[Input for this task — start]

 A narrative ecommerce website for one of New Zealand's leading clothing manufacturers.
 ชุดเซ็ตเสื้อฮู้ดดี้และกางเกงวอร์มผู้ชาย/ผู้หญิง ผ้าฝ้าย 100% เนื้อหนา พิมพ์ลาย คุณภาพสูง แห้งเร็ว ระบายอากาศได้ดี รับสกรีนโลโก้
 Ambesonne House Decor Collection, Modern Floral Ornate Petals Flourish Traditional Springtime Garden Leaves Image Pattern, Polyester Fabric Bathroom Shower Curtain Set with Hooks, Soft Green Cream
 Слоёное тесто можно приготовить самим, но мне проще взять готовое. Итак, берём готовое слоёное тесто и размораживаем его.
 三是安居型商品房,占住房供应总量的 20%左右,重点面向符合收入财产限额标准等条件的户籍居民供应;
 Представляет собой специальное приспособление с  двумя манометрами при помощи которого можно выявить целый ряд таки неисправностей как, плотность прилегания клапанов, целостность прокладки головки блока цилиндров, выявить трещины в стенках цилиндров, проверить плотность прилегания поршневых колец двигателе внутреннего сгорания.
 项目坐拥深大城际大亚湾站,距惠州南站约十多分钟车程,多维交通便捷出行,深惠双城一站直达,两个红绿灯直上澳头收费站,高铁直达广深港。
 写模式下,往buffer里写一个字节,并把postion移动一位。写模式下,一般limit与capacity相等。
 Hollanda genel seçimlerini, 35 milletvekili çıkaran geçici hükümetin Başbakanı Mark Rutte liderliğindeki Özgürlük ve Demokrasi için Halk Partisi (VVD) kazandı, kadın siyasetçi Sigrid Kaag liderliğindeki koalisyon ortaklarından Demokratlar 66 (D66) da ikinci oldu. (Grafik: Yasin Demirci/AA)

[Input for this task — finish]
[Input for this task — start]

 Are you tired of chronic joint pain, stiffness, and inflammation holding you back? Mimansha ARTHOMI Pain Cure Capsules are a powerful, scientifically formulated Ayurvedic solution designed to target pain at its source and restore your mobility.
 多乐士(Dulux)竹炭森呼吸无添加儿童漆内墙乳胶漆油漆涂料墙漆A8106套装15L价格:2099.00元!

[Input for this task — finish]

Go through the listing above and locate each line that holds the word "можно". Copy those lines.

 Слоёное тесто можно приготовить самим, но мне проще взять готовое. Итак, берём готовое слоёное тесто и размораживаем его.
 Представляет собой специальное приспособление с  двумя манометрами при помощи которого можно выявить целый ряд таки неисправностей как, плотность прилегания клапанов, целостность прокладки головки блока цилиндров, выявить трещины в стенках цилиндров, проверить плотность прилегания поршневых колец двигателе внутреннего сгорания.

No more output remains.